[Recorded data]
........
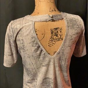 It is a two toned silver blouse that has a v cut-out in the front and back as shown in the photos above. The back also has two clasps to hold it. Size tag is cutout of it but it fits like a large.
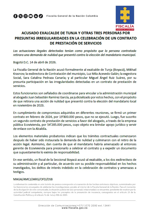 La Fiscalía General de la Nación acusó formalmente al alcalde de Tunja, Mikhail Krasnov, por su presunta participación en irregularidades relacionadas con la celebración de contratos de prestación de serviciosJunto a él fueron vinculados la directora de Contratación, Luz Mila Acevedo Galán; la exgestora social, Sara Catalina Pedraza Canaría; y el particular Miguel Ángel Ruiz Suárez.
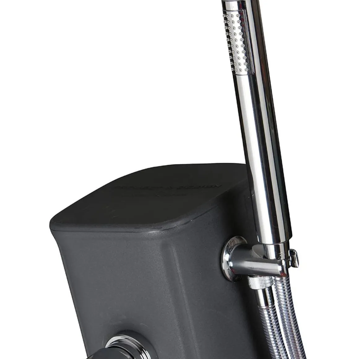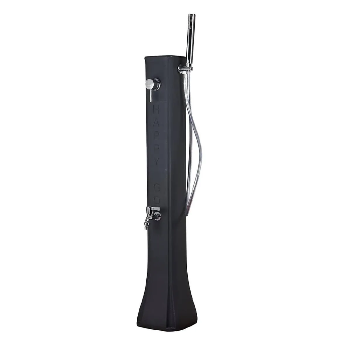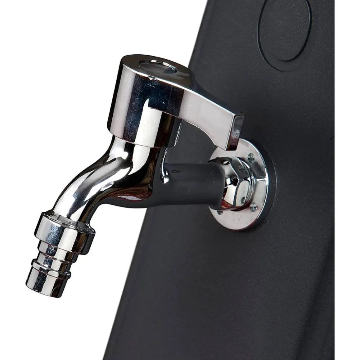 Esta ducha solar es ideal para instalar en el jardín o cerca de la piscina y disfrutar de agua caliente de forma rápida.
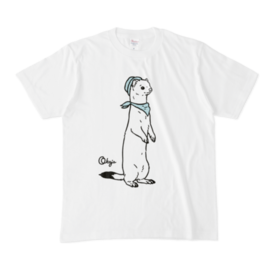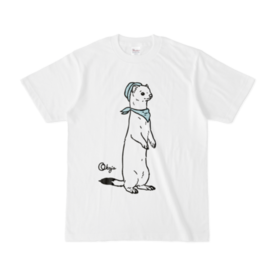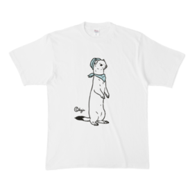 Tシャツ - XL - 白ポークパイハットとバンダナを身に着けた、おしゃれなおこじょくんです♪
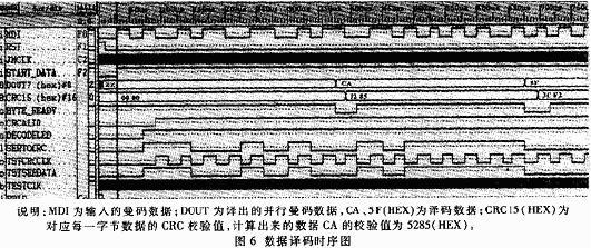 這里選用1片XILINX XC95144實(shí)現(xiàn)整個(gè)數(shù)據(jù)處理模塊的功能,使用軟件平臺(tái)是XILINX.htm" target="_blank" title="XILINX貨源和PDF資料">XILINX Foundation 3.1i。XC95144內(nèi)部有144個(gè)宏單元、3200可用門。圖5和圖6分別給出了編碼器和譯碼器的部分時(shí)序仿真結(jié)果及其說明。可以看到,二者均實(shí)現(xiàn)了協(xié)議要求,編碼器在準(zhǔn)確的位置實(shí)現(xiàn)脈沖位置調(diào)制,譯碼器能準(zhǔn)確地對(duì)曼徹斯特碼數(shù)據(jù)進(jìn)行譯碼,并計(jì)算出輸入數(shù)據(jù)的CRC值。
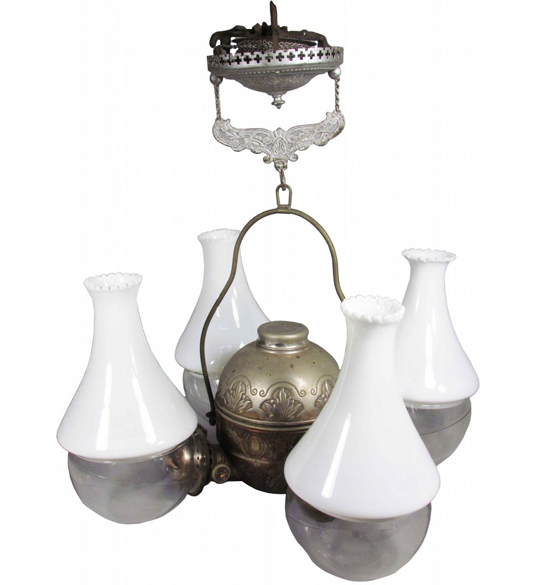 Hanging Quad Angle Lamp by the Angle Lamp Co. NY. Patented in the US. Nickel plated brass with milk glass shades. One shade has a scallop chip otherwise excellent condition.
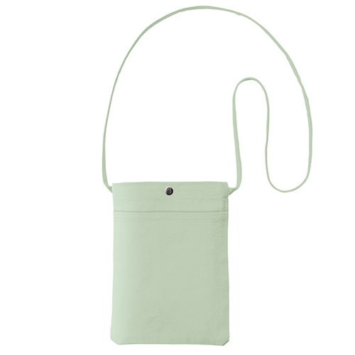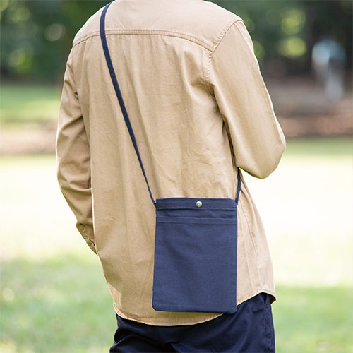 10オンスと手頃に厚手で耐久性にも優れた縦長タイプのサコッシュです。外側にあるポケットはスマートフォンを入れるのにぴったり。3色展開の中から、名入れデザインに合わせてお選び下さい。
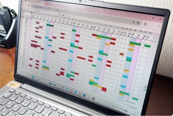 ▲外注スタッフの1か月分のシフトを1画面で管理。いつ誰がどこで仕事をしているかが一目で確認できるようになった。
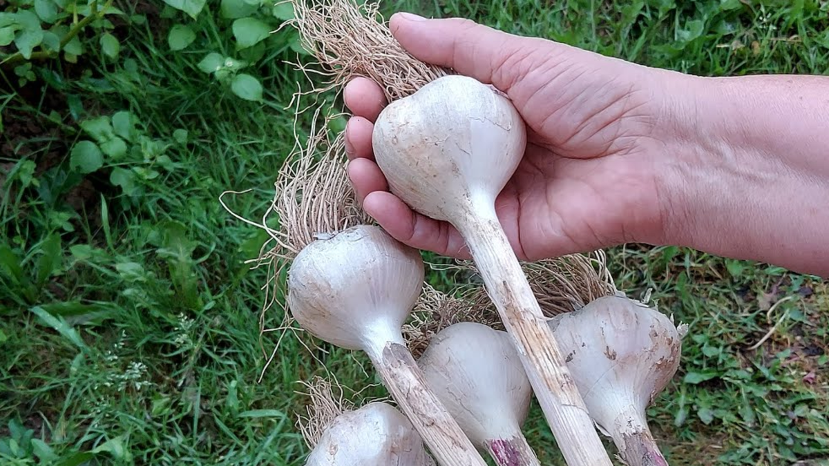 Зрелость чеснока видно. Нижние листья желтеют, стрелки выпрямляются, чешуя становится плотной. Это сигнал. Не раньше и не позже.
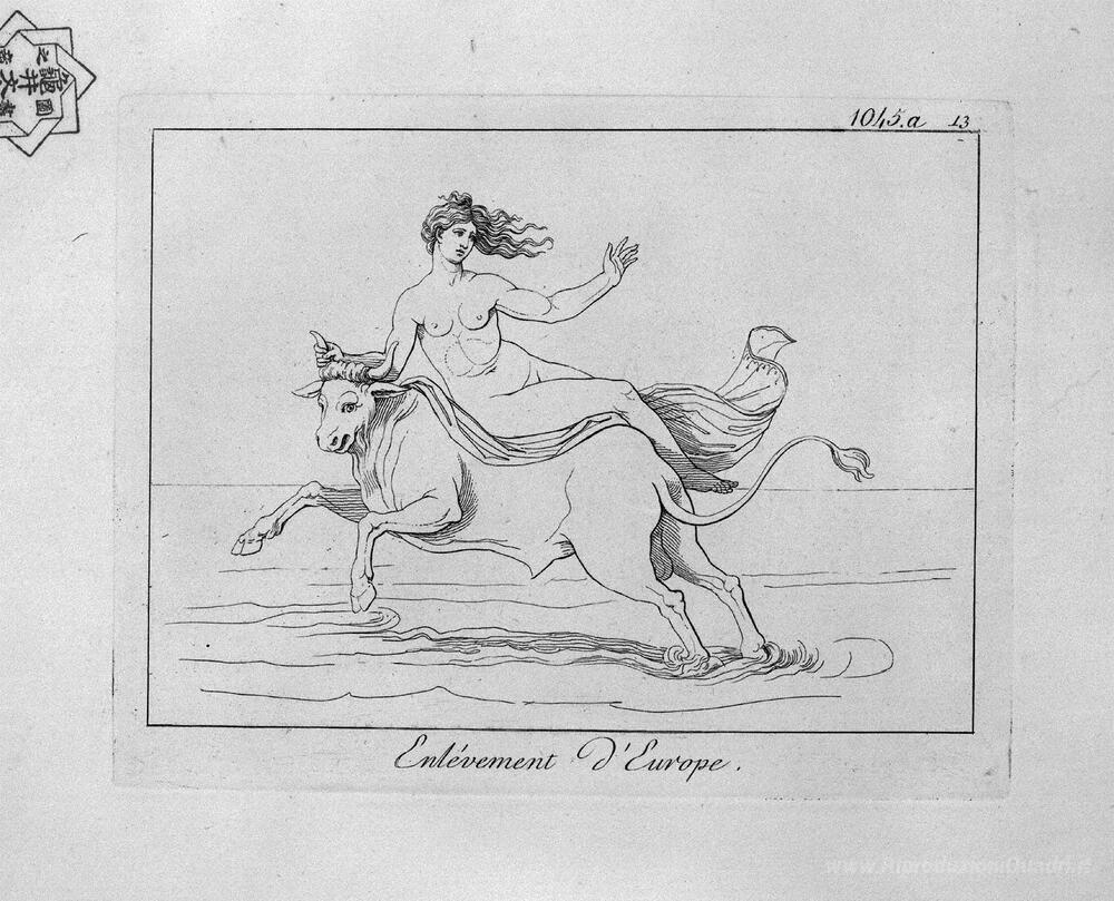 Ti offriamo una riproduzione artigianale su tela dell'opera famosa 'Ratto di Europa' di Giovanni Battista Piranesi, dal Museo delle Riproduzioni.
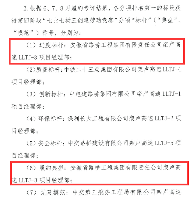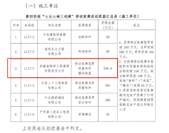 9月26日,栾卢高速03标项目业主单位组织所辖各标段举行“七比七树三创建”劳动竞赛活动。公司栾卢高速03标项目在与其他5家央企的同台比武中脱颖而出,一举斩获“劳动竞赛冠军、进度标杆奖、履约典型奖”三大奖项,在所有参建单位中,名列第一名,荣获奖励金额516.8万元。
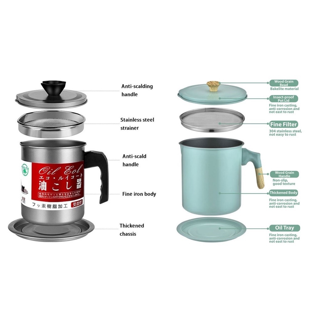 DESSINO Oil Cup Oil Filter Pot Oil Storage Stainless With Strainer Filter Steel Bekas Minyak Dengan Penapis
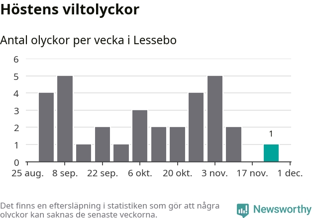 Från förra veckan (vecka 48) har hittills en viltolycka rapporterats in i Lessebo kommun.
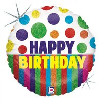 45cm Round Foil Happy Dots Birthday Stripes #30G86822H- Each (Pkgd.)
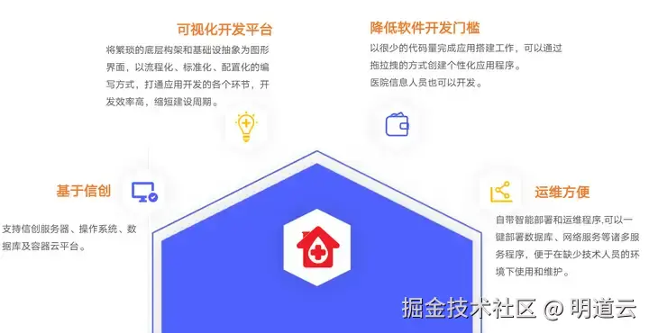 - 底层架构:基于明道云构建底层架构,在此基础上创建业务场景,实现组建设计、代码开发、实时上线。明道云通过了信创认证,基于其创建的系统从底层逻辑看类似配置文件,做信创成本低,无需众多公司参与改造,风险小。
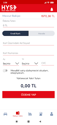 HYS ile belirlediğiniz aylık limit oranında, nakit ya da kredi kartıyla herhangi bir ödeme yapmadan, aracınızdan inmeden yakıt ikmalini kolaylıkla yapabilirsiniz.
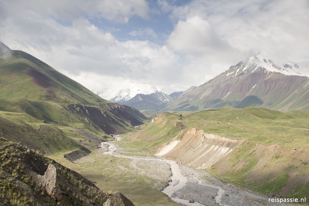 Die avond vroeg naar bed en hopen op mooier weer de volgende dag. Maar helaas, de nieuwe dag is net zo grijs als de vorige. Af en toe valt er een gaatje en we zien de enorme sneeuwhelling van Lenin peak even tussen de wolken door. Maar het heeft wat ons betreft geen zin om nu de bergen in te trekken naar het uitzichtpunt want de kans dat je niets gaat zien is wel erg groot.
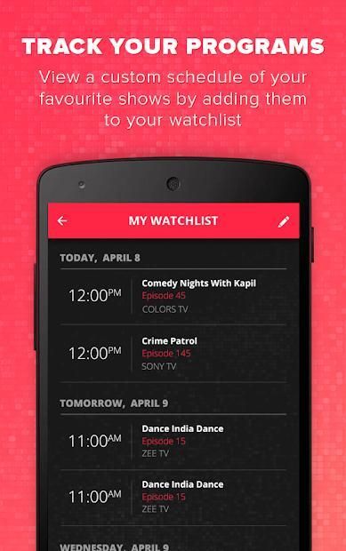 : Puzzled when your favorite programs are airing this week? Add your favorite programs to watch list and follow custom schedules on the go!
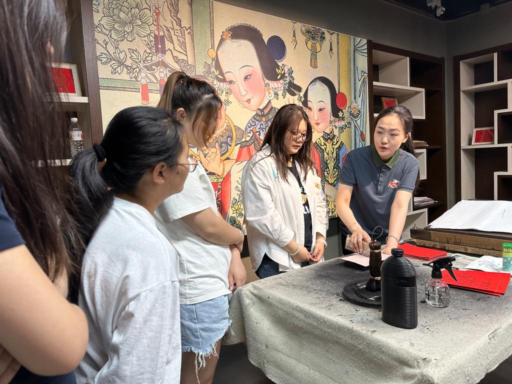 活動期間,師生在專業講解員引導下,依次參觀楊柳青民俗館、石家大院等文化場館,系統了解古鎮民俗文化、大院建筑特色、年畫藝術內涵、趕大營歷史淵源及運河文化脈絡。師生通過探訪平津戰役天津前線指揮部舊址,觀摩珍貴文物史料、聆聽革命歷史講解,接受了紅色主題教育,深切體悟古鎮承載的歷史厚重感。活動特別設置石家大院戲樓文化體驗環節,通過沉浸式非遺探訪與互動實踐,多維度感知天津傳統文化魅力。
........
--- EXERCISE DESCRIPTION ---
Every entry belongs in the answer exactly as written, but no picture does.

--- RESULT OF THIS EXERCISE ---
 It is a two toned silver blouse that has a v cut-out in the front and back as shown in the photos above. The back also has two clasps to hold it. Size tag is cutout of it but it fits like a large.
 La Fiscalía General de la Nación acusó formalmente al alcalde de Tunja, Mikhail Krasnov, por su presunta participación en irregularidades relacionadas con la celebración de contratos de prestación de serviciosJunto a él fueron vinculados la directora de Contratación, Luz Mila Acevedo Galán; la exgestora social, Sara Catalina Pedraza Canaría; y el particular Miguel Ángel Ruiz Suárez.
 Esta ducha solar es ideal para instalar en el jardín o cerca de la piscina y disfrutar de agua caliente de forma rápida.
 Tシャツ - XL - 白ポークパイハットとバンダナを身に着けた、おしゃれなおこじょくんです♪
 這里選用1片XILINX XC95144實(shí)現(xiàn)整個(gè)數(shù)據(jù)處理模塊的功能,使用軟件平臺(tái)是XILINX.htm" target="_blank" title="XILINX貨源和PDF資料">XILINX Foundation 3.1i。XC95144內(nèi)部有144個(gè)宏單元、3200可用門。圖5和圖6分別給出了編碼器和譯碼器的部分時(shí)序仿真結(jié)果及其說明。可以看到,二者均實(shí)現(xiàn)了協(xié)議要求,編碼器在準(zhǔn)確的位置實(shí)現(xiàn)脈沖位置調(diào)制,譯碼器能準(zhǔn)確地對(duì)曼徹斯特碼數(shù)據(jù)進(jìn)行譯碼,并計(jì)算出輸入數(shù)據(jù)的CRC值。
 Hanging Quad Angle Lamp by the Angle Lamp Co. NY. Patented in the US. Nickel plated brass with milk glass shades. One shade has a scallop chip otherwise excellent condition.
 10オンスと手頃に厚手で耐久性にも優れた縦長タイプのサコッシュです。外側にあるポケットはスマートフォンを入れるのにぴったり。3色展開の中から、名入れデザインに合わせてお選び下さい。
 ▲外注スタッフの1か月分のシフトを1画面で管理。いつ誰がどこで仕事をしているかが一目で確認できるようになった。
 Зрелость чеснока видно. Нижние листья желтеют, стрелки выпрямляются, чешуя становится плотной. Это сигнал. Не раньше и не позже.
 Ti offriamo una riproduzione artigianale su tela dell'opera famosa 'Ratto di Europa' di Giovanni Battista Piranesi, dal Museo delle Riproduzioni.
 9月26日,栾卢高速03标项目业主单位组织所辖各标段举行“七比七树三创建”劳动竞赛活动。公司栾卢高速03标项目在与其他5家央企的同台比武中脱颖而出,一举斩获“劳动竞赛冠军、进度标杆奖、履约典型奖”三大奖项,在所有参建单位中,名列第一名,荣获奖励金额516.8万元。
 DESSINO Oil Cup Oil Filter Pot Oil Storage Stainless With Strainer Filter Steel Bekas Minyak Dengan Penapis
 Från förra veckan (vecka 48) har hittills en viltolycka rapporterats in i Lessebo kommun.
 45cm Round Foil Happy Dots Birthday Stripes #30G86822H- Each (Pkgd.)
 - 底层架构:基于明道云构建底层架构,在此基础上创建业务场景,实现组建设计、代码开发、实时上线。明道云通过了信创认证,基于其创建的系统从底层逻辑看类似配置文件,做信创成本低,无需众多公司参与改造,风险小。
 HYS ile belirlediğiniz aylık limit oranında, nakit ya da kredi kartıyla herhangi bir ödeme yapmadan, aracınızdan inmeden yakıt ikmalini kolaylıkla yapabilirsiniz.
 Die avond vroeg naar bed en hopen op mooier weer de volgende dag. Maar helaas, de nieuwe dag is net zo grijs als de vorige. Af en toe valt er een gaatje en we zien de enorme sneeuwhelling van Lenin peak even tussen de wolken door. Maar het heeft wat ons betreft geen zin om nu de bergen in te trekken naar het uitzichtpunt want de kans dat je niets gaat zien is wel erg groot.
 : Puzzled when your favorite programs are airing this week? Add your favorite programs to watch list and follow custom schedules on the go!
 活動期間,師生在專業講解員引導下,依次參觀楊柳青民俗館、石家大院等文化場館,系統了解古鎮民俗文化、大院建筑特色、年畫藝術內涵、趕大營歷史淵源及運河文化脈絡。師生通過探訪平津戰役天津前線指揮部舊址,觀摩珍貴文物史料、聆聽革命歷史講解,接受了紅色主題教育,深切體悟古鎮承載的歷史厚重感。活動特別設置石家大院戲樓文化體驗環節,通過沉浸式非遺探訪與互動實踐,多維度感知天津傳統文化魅力。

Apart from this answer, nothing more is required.